So there you go – scientists now believe that our brains actually improve as we grow older. Certainly there are plenty of examples (these few were taken from Wikipedia) of artistic temperaments that came to fruition a little later in life:
Anna Mary Robertson Moses (aka Grandma Moses) started painting in her seventies
Henry Miller’s first novel came out when he was 44
Charles Bukowski — first novel at 49
Raymond Chandler — first novel at 51
And Laura Ingalls Wilder was in her 60s when she started publishing
Maybe it’s not so bad on on the other side of the hill. So grab a black balloon and head on over. There’s a hell of a party going on.
10 Replies to “Black Balloons by Deb Jennifer”
I turned 40 this year… and don’t have any problem with it (though I don’t love the gray in my brunette, but that’s easily fixed). I don’t hide it, am in fact pretty proud of it. I’m 4-0, Four-tee, woo!
Nothing wrong with that!
I love this post, Jennifer! There are times I feel like I’m coming in late to this publication game (I’m 40 next year, like you) and then I’m like, it’s perfect. Absolutely perfect. The best is yet to come!
Oh, Mia and Jennifer, welcome to the decade! I was 46 when my book came out. And you know what? I could really appreciate it in a way I couldn’t have when I was younger (not to mention I couldn’t have written it in my 20s or early 30s–I didn’t have the life experience yet). The Forties ROCK.
The other side of forty is the best place to be, imho. I wouldn’t trade it for twenty or thirty. I like the idea that us oldsters can “parse meanings that were entirely beyond us when we were younger.” My memory isn’t as good as it used to be, but I think I’m getting smarter or a smart ass, one of the two. Like you said, Jennifer, the nice thing about getting older, is that you care less about what people think. What a relief!
Not to mention everyone looks thinner in black. Balloons must be very relieved.
Also, with age, your writing voice matures, your take on human nature, the grasp of how the present has been influenced from the past, etc, etc. Last night I came to The End of PROMISE NOT TO TELL (Whoa, what a treat), closed the book and reflected on the complexity and depth that the three Deb books have been so far. Neither Mia, Kristy or you, Jennifer, could have written those novels at an earlier age; believe me, I’m reading a much more supeficial tone and perspective from younger debut authors.
Of course it’s not their fault they lack life experiences, but I’m certainly thrilled that you’re out there to entertain me and relate to now…in my early forties.

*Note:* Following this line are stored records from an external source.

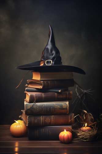 witch hat on a stack of books, candle in the background, dark academia, very dark, low light, muted color, spooky atmosphere, halloween, vintage oil painting style with soft brushstrokes --ar 2:3 --v 5.2
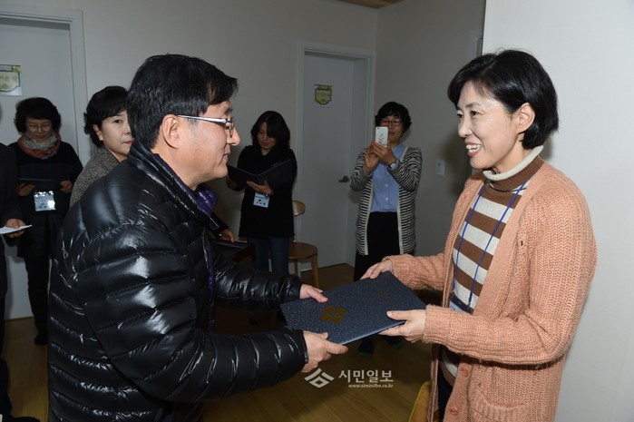 서울 노원구가 지난 2일 오전 11시 월계동 영축산 숲속의 집에서 ‘2015 마을지원활동가 양성과정 교육 수료식’을 개최한 가운데 김성환 노원구청장(왼쪽)이 마을지원활동가 양성과정 교육 이수자에게 수료증을 전달하고 있다.(사진제공=노원구청)
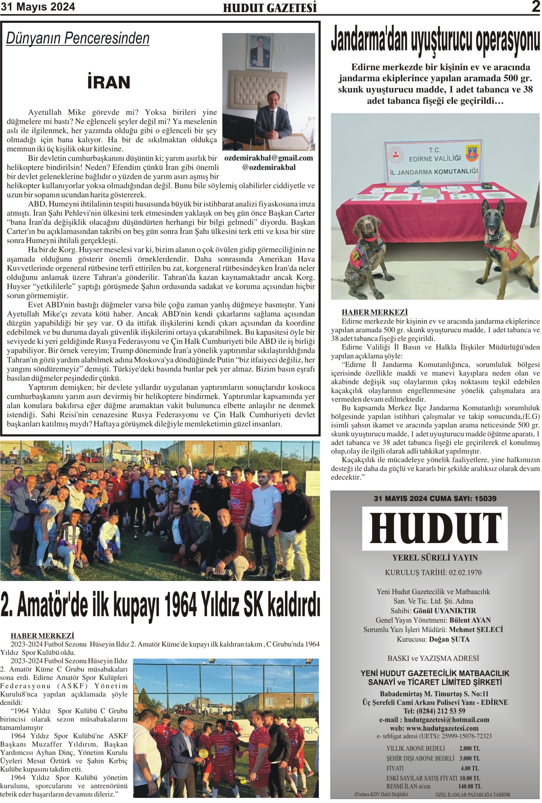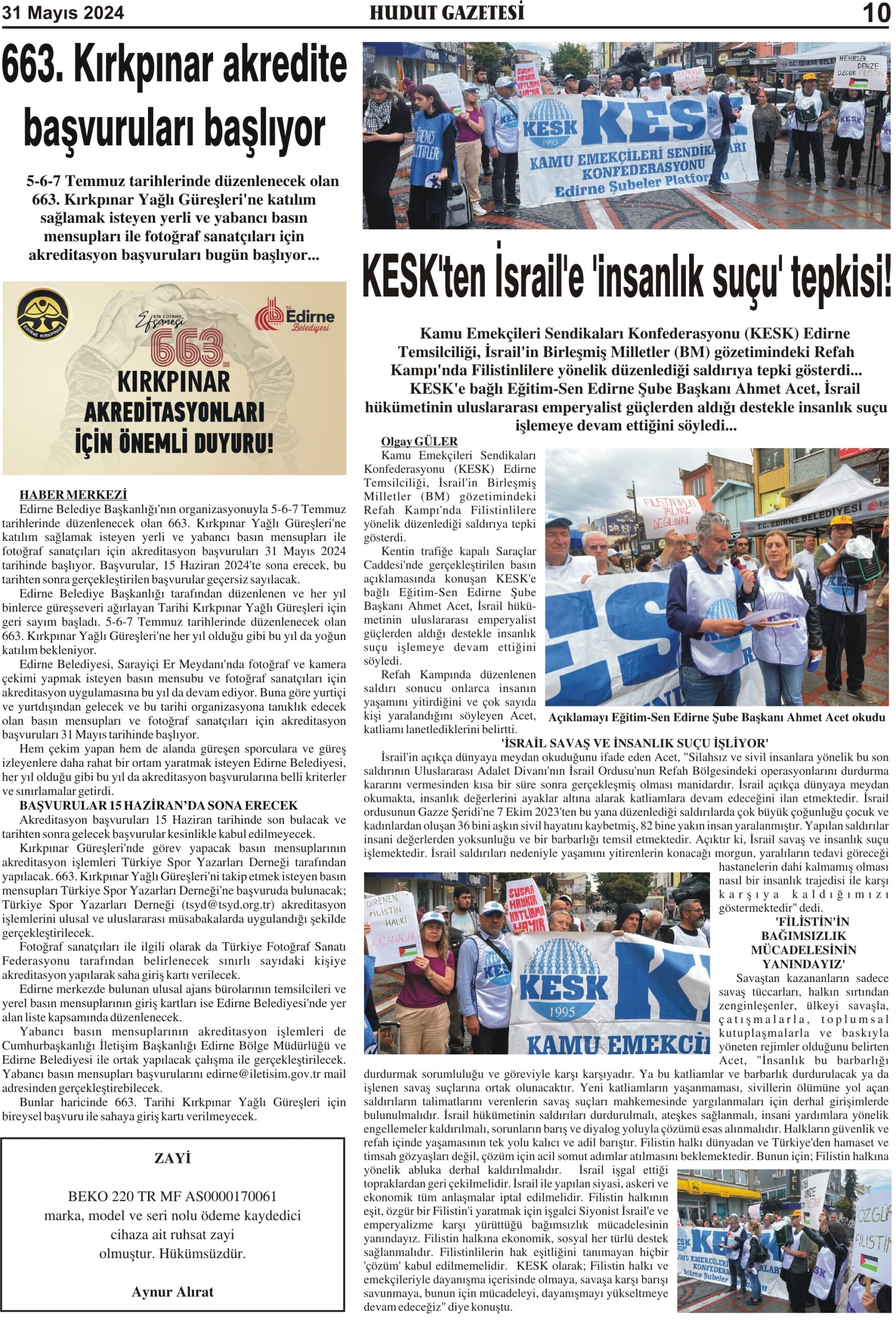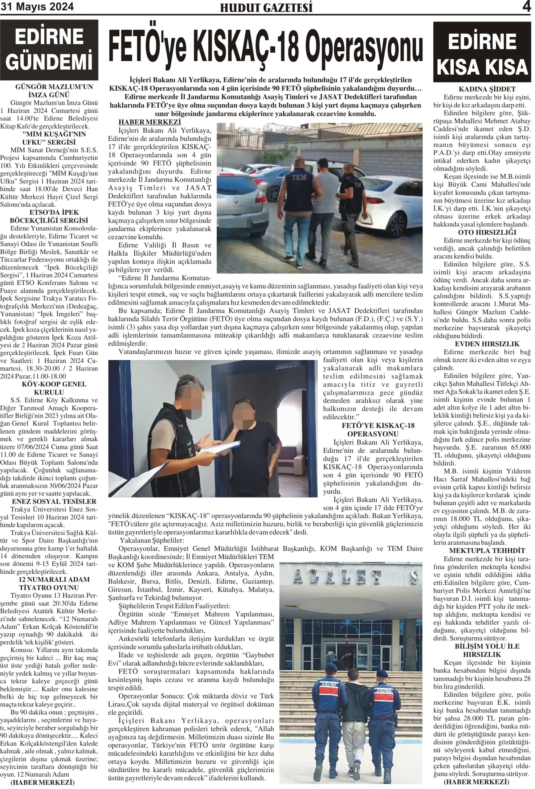 31 Mayıs 2024 Cuma Hudut Gazetesi

Ok Ok I just have to jump in.
How about FIFTY-THREE!!!!
Black balloons – I hadn’t heard this one before. I’m in my early 40s and wouldn’t trade it for my 30s for the world. In your 40s you feel as if you’ve arrived. And gals in their 50s say that feeling is even more pronounced then.
I love this post. The perfect antidote to all those articles out there about the uber-young publishing wonders that make you wonder how you managed to waste so much time before writing/selling your book!